*** Data shown Section Begins ***

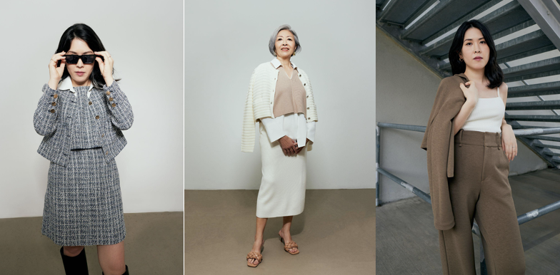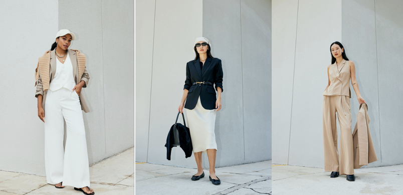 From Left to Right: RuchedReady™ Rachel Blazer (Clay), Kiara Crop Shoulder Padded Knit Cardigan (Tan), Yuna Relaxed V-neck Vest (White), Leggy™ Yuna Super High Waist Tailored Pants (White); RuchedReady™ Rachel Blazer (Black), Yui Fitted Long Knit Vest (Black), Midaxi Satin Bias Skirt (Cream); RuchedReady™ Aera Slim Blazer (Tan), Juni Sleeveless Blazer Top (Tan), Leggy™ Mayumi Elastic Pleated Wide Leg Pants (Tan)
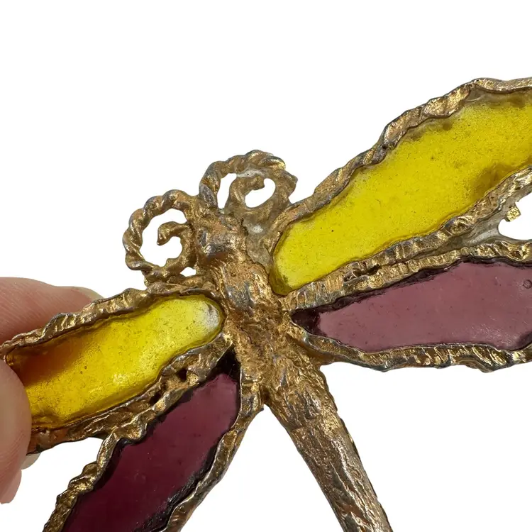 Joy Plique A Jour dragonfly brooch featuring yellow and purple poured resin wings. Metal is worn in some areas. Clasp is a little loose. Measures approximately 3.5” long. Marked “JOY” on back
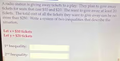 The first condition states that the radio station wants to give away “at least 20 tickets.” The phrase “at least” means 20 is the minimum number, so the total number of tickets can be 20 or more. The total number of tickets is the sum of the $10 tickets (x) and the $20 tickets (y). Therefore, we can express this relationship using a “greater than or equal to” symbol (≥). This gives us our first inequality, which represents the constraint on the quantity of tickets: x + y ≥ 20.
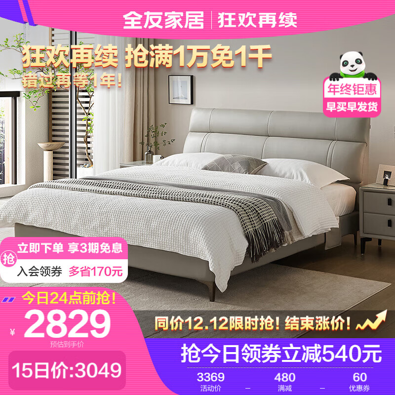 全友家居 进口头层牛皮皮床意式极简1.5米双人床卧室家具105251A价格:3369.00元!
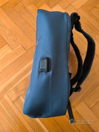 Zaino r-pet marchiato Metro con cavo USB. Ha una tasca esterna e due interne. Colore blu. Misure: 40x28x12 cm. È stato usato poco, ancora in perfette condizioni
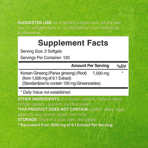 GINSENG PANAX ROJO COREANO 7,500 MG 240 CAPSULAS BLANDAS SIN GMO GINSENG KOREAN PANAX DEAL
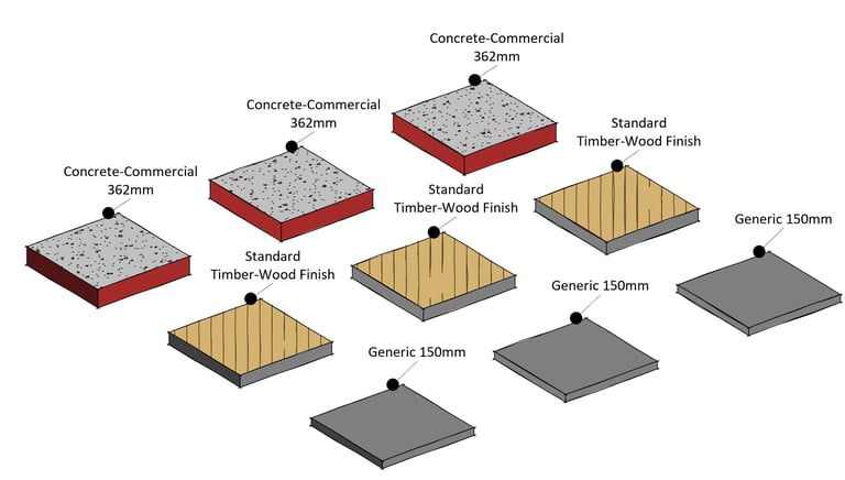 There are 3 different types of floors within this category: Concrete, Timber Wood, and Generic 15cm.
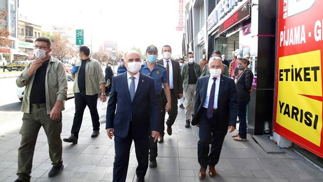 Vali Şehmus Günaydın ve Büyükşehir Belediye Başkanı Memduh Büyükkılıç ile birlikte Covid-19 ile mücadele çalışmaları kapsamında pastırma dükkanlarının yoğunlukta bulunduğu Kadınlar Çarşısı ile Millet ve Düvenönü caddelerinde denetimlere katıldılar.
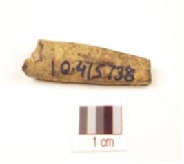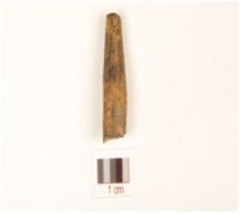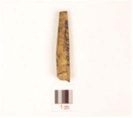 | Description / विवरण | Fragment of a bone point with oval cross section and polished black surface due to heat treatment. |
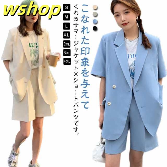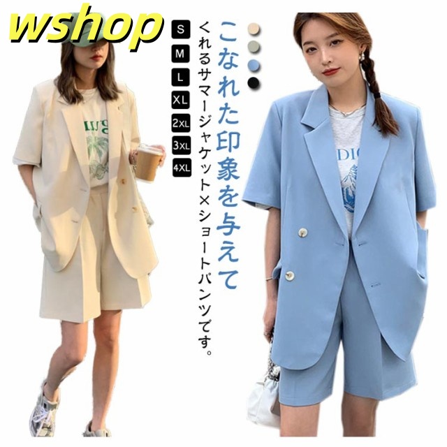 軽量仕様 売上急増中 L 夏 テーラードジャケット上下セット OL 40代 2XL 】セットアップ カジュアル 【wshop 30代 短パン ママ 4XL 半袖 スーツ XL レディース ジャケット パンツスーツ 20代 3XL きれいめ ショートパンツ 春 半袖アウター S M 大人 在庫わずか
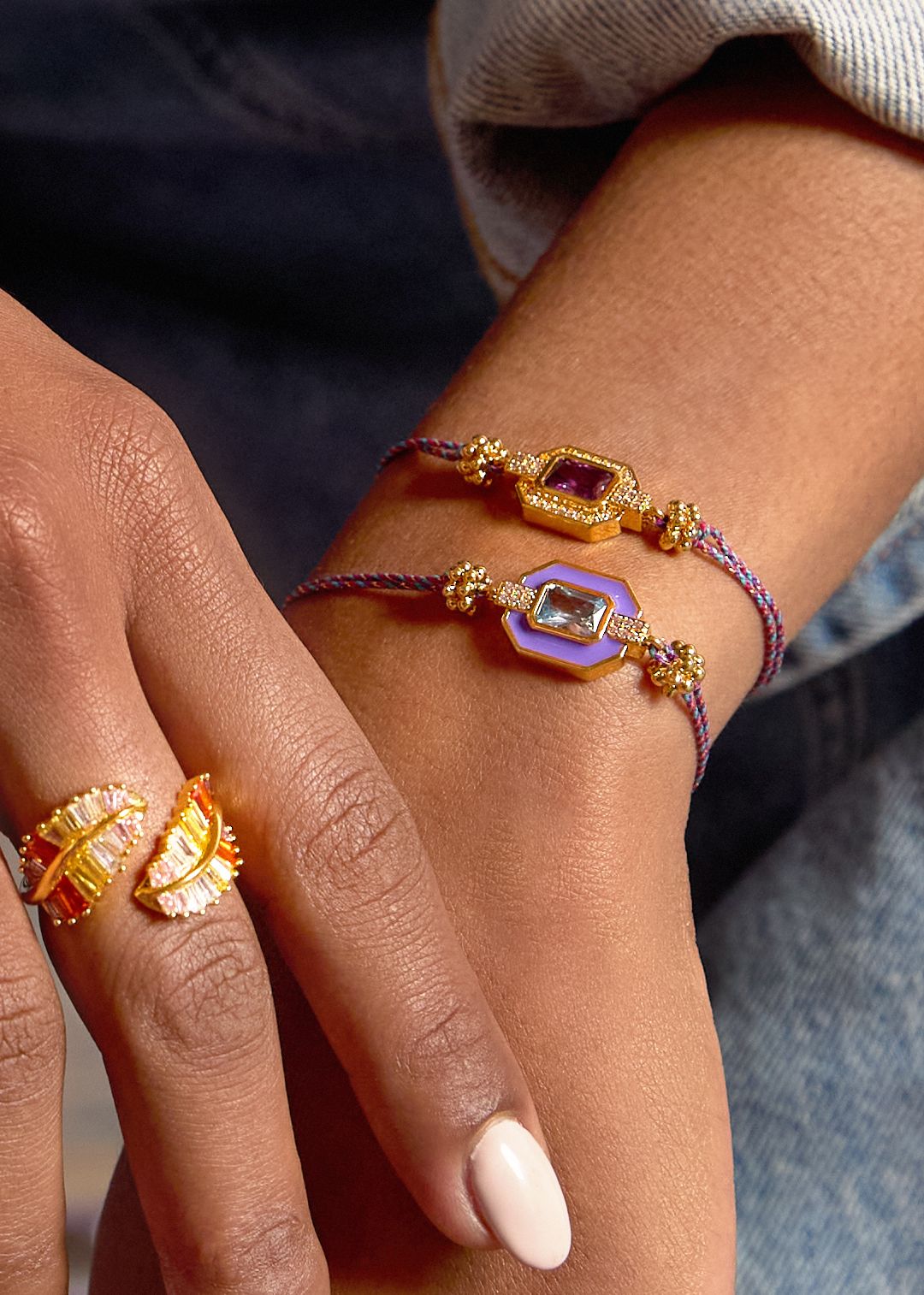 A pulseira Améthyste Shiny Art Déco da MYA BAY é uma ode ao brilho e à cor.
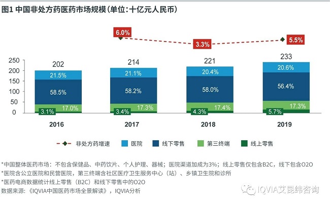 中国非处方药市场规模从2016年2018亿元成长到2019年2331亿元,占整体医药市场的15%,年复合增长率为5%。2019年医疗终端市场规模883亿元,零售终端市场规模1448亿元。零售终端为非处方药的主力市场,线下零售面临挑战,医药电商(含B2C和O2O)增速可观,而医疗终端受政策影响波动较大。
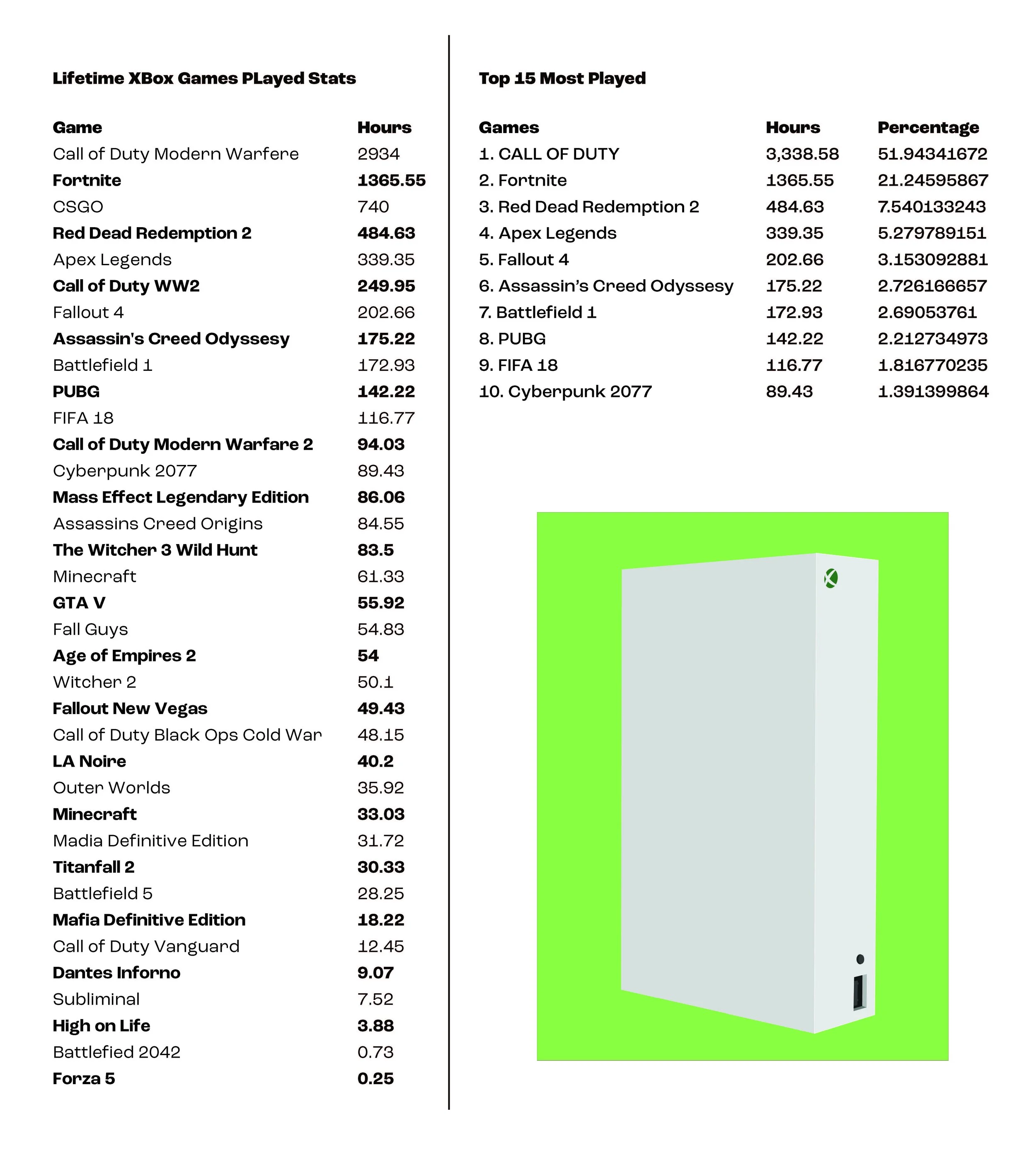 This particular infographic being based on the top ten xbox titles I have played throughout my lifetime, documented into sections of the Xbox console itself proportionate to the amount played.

*** Data shown Section Ends ***

• [What you have to do]:
Each entry should be repeated exactly as it appears; the pictures stay out.

• [Solution for this problem]:
 From Left to Right: RuchedReady™ Rachel Blazer (Clay), Kiara Crop Shoulder Padded Knit Cardigan (Tan), Yuna Relaxed V-neck Vest (White), Leggy™ Yuna Super High Waist Tailored Pants (White); RuchedReady™ Rachel Blazer (Black), Yui Fitted Long Knit Vest (Black), Midaxi Satin Bias Skirt (Cream); RuchedReady™ Aera Slim Blazer (Tan), Juni Sleeveless Blazer Top (Tan), Leggy™ Mayumi Elastic Pleated Wide Leg Pants (Tan)
 Joy Plique A Jour dragonfly brooch featuring yellow and purple poured resin wings. Metal is worn in some areas. Clasp is a little loose. Measures approximately 3.5” long. Marked “JOY” on back
 The first condition states that the radio station wants to give away “at least 20 tickets.” The phrase “at least” means 20 is the minimum number, so the total number of tickets can be 20 or more. The total number of tickets is the sum of the $10 tickets (x) and the $20 tickets (y). Therefore, we can express this relationship using a “greater than or equal to” symbol (≥). This gives us our first inequality, which represents the constraint on the quantity of tickets: x + y ≥ 20.
 全友家居 进口头层牛皮皮床意式极简1.5米双人床卧室家具105251A价格:3369.00元!
 Zaino r-pet marchiato Metro con cavo USB. Ha una tasca esterna e due interne. Colore blu. Misure: 40x28x12 cm. È stato usato poco, ancora in perfette condizioni
 GINSENG PANAX ROJO COREANO 7,500 MG 240 CAPSULAS BLANDAS SIN GMO GINSENG KOREAN PANAX DEAL
 There are 3 different types of floors within this category: Concrete, Timber Wood, and Generic 15cm.
 Vali Şehmus Günaydın ve Büyükşehir Belediye Başkanı Memduh Büyükkılıç ile birlikte Covid-19 ile mücadele çalışmaları kapsamında pastırma dükkanlarının yoğunlukta bulunduğu Kadınlar Çarşısı ile Millet ve Düvenönü caddelerinde denetimlere katıldılar.
 | Description / विवरण | Fragment of a bone point with oval cross section and polished black surface due to heat treatment. |
 軽量仕様 売上急増中 L 夏 テーラードジャケット上下セット OL 40代 2XL 】セットアップ カジュアル 【wshop 30代 短パン ママ 4XL 半袖 スーツ XL レディース ジャケット パンツスーツ 20代 3XL きれいめ ショートパンツ 春 半袖アウター S M 大人 在庫わずか
 A pulseira Améthyste Shiny Art Déco da MYA BAY é uma ode ao brilho e à cor.
 中国非处方药市场规模从2016年2018亿元成长到2019年2331亿元,占整体医药市场的15%,年复合增长率为5%。2019年医疗终端市场规模883亿元,零售终端市场规模1448亿元。零售终端为非处方药的主力市场,线下零售面临挑战,医药电商(含B2C和O2O)增速可观,而医疗终端受政策影响波动较大。
 This particular infographic being based on the top ten xbox titles I have played throughout my lifetime, documented into sections of the Xbox console itself proportionate to the amount played.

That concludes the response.